1. Adding and using metadata: I can see how useful it would be to capture data such as author name, document name, date published, category, etc. Once that info is added, I'd want to update the prompt to include this information in a structured way in the response. Can I "weight" metadata more heavily to boost scores like one does in search. I bet it's possible!

2. Evaluating and improving: The similarity scores are all about the same in this example. How do I know if that is good? What is the process and some metrics to benchmark and continue to improve the results?

3. Repeated data: What if I mess up and re-insert data that is already there? Need to read docs to see if this is handled in vector db implementation or if code needs to ensure non-repetitive data.

4. Code modularity: I piggybacked off of Chris' awesome library. I need to gain more experience in the right way to think about structuring RAG projects for reuse with Python language. If I were to containerize this, how would I split out the functionality? For example, one change I think I'd make is to move the prompts to their own directory and make several more that could be swapped in/out for experimentation.

[^1]: More about chunking:

- From @Hee-Meng in discord: [Chunking Strategies](https://www.youtube.com/watch?v=ZTOtxiWb2bE) was so helpful! There are at least 5 different strategies for chunking (fixed size, context aware, recursive, specialized, semantic) and the advice given is to first clean your data, select the technique most appropriate for your use case, experiment with chunks of various sizes, and then assess the quality of responses before deciding on the optimal size.

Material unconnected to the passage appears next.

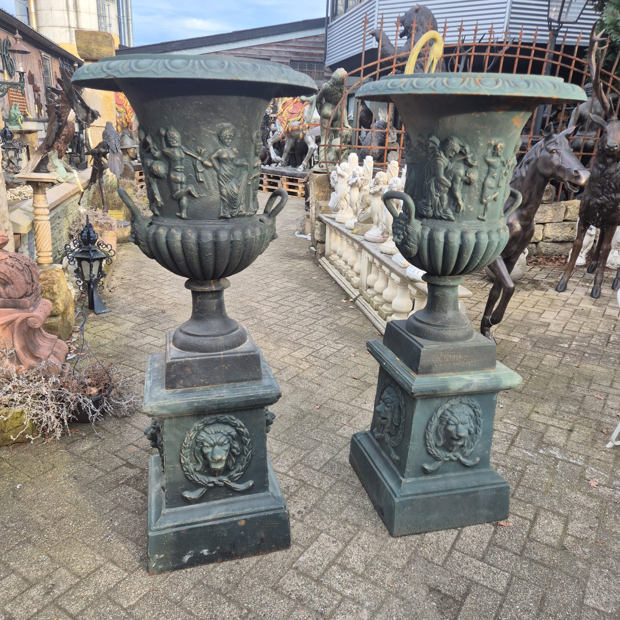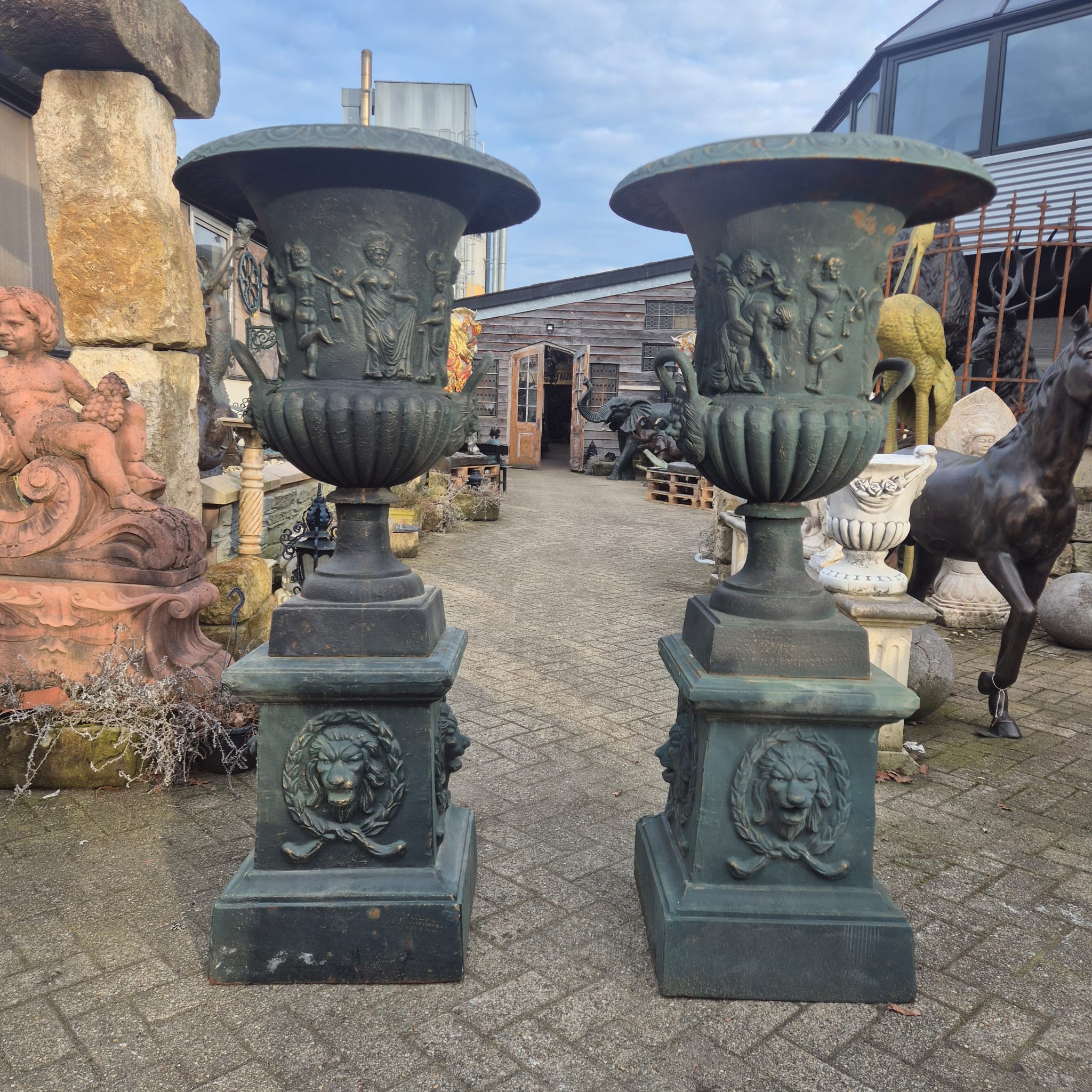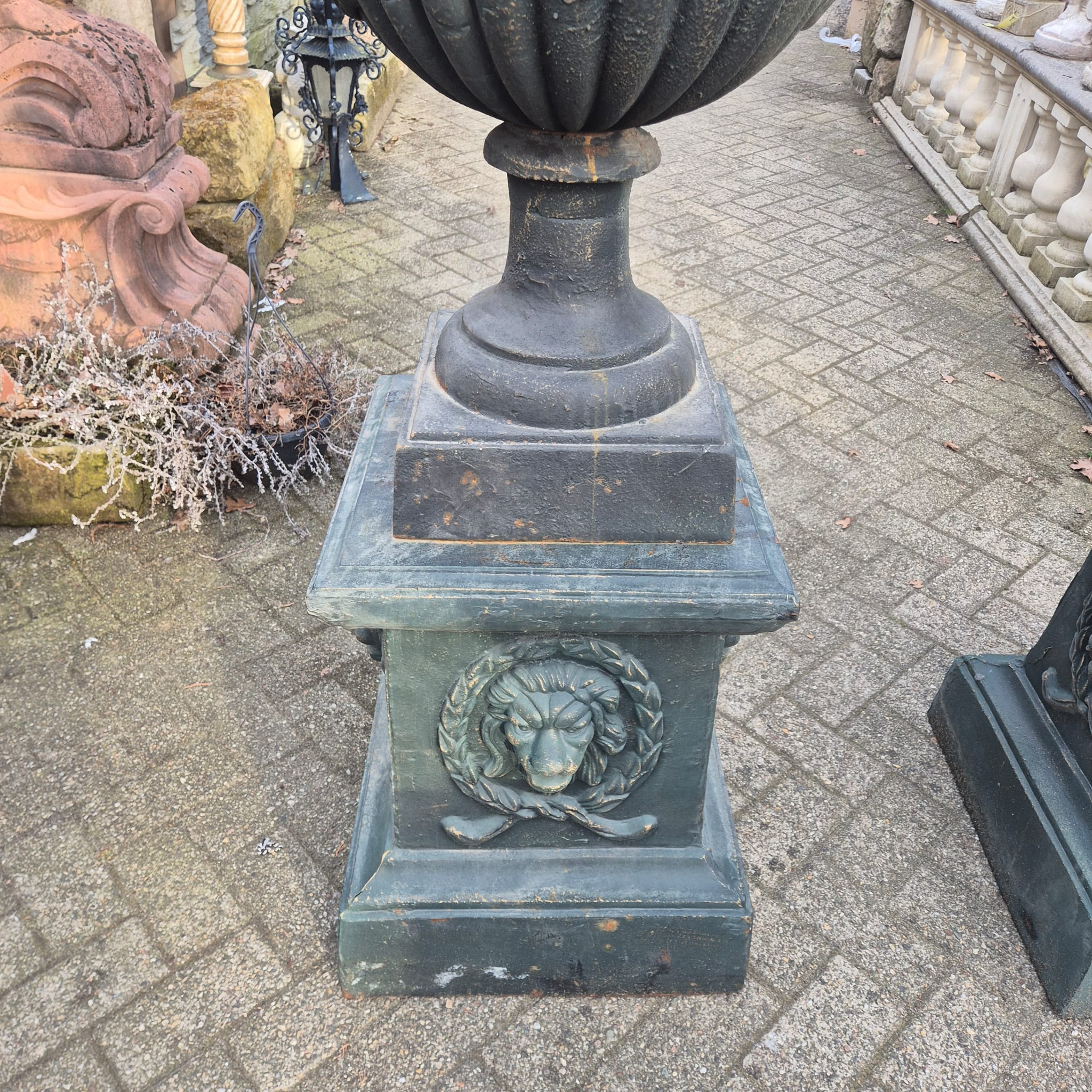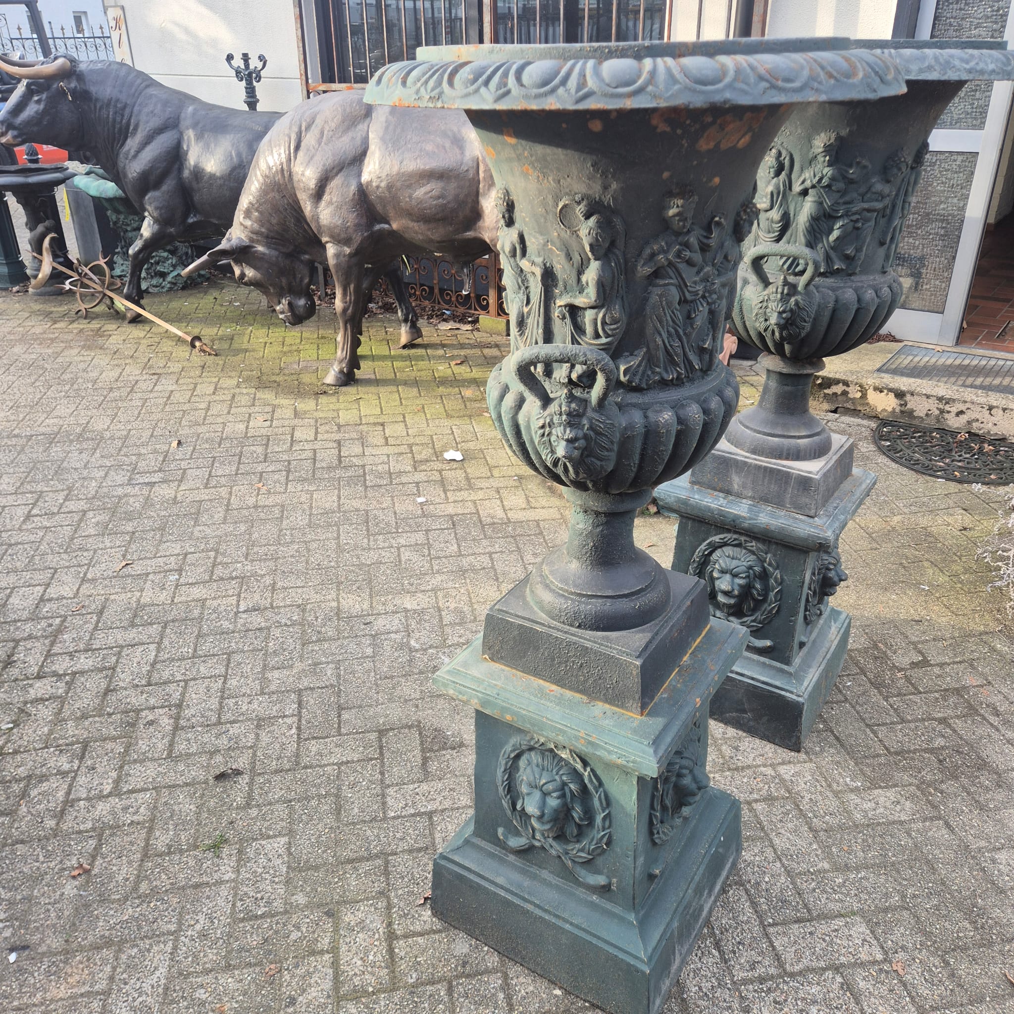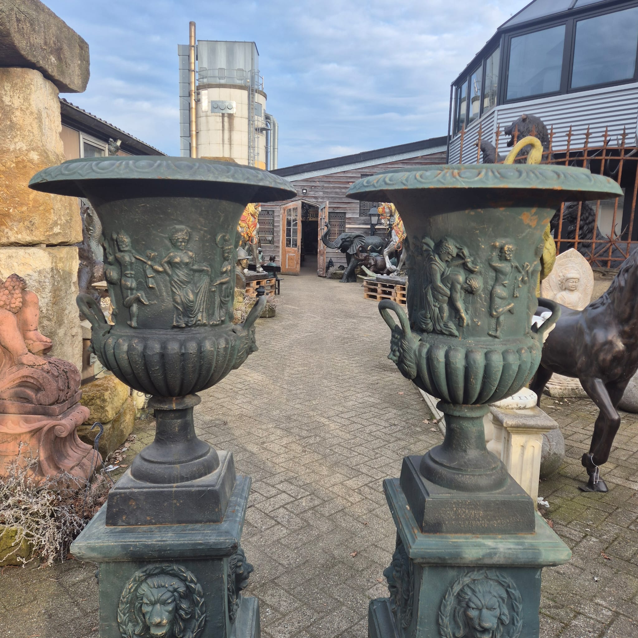 Set aus zwei imposanten, antiken Gusseisen-Gartenurnen. Dieses beeindruckende Paar, das auf monumentalen Säulensockeln ruht, ist ein absolutes Highlight für Liebhaber von klassischem Garten- und Parkdesign.

[^2]: More similarity metrics:
- **Cosine Similarity**
    Measures the angle between vectors, ignoring magnitude. Values range from -1 to 1.
    _Best for:_ Text embeddings, semantic search, and cases where document length varies significantly. It's the most common choice for RAG because it focuses on meaning rather than word count. Works well when you want documents with similar topics regardless of their length.

- **Euclidean Distance (L2)**
    Measures straight-line distance between points in vector space. Smaller distances indicate higher similarity.
    _Best for:_ When both direction and magnitude matter, such as image embeddings or structured data. Less common in text RAG but useful when the embedding model produces vectors where magnitude carries semantic meaning.

- **Dot Product**
    Multiplies corresponding vector components and sums them. Higher values indicate greater similarity.
    _Best for:_ When vectors are normalized or when you want to consider both similarity and magnitude. Often used in neural networks and when working with embeddings that have been specifically designed for dot product similarity.

- **Manhattan Distance (L1)**
    Sums absolute differences between corresponding vector components.
    _Best for:_ High-dimensional sparse vectors or when you want to reduce the impact of outliers. Less sensitive to extreme values than Euclidean distance. Sometimes used with count-based embeddings.

- **Jaccard Similarity**
    Measures overlap between sets, calculated as intersection over union.
    _Best for:_ Sparse binary vectors, keyword matching, or when working with bag-of-words representations. Useful for document similarity based on shared terms rather than semantic meaning.

- **Hamming Distance**
    Counts differing positions between binary vectors.
    _Best for:_ Binary embeddings, locality-sensitive hashing, or when memory/speed constraints require binary representations. Often used in similarity search optimizations.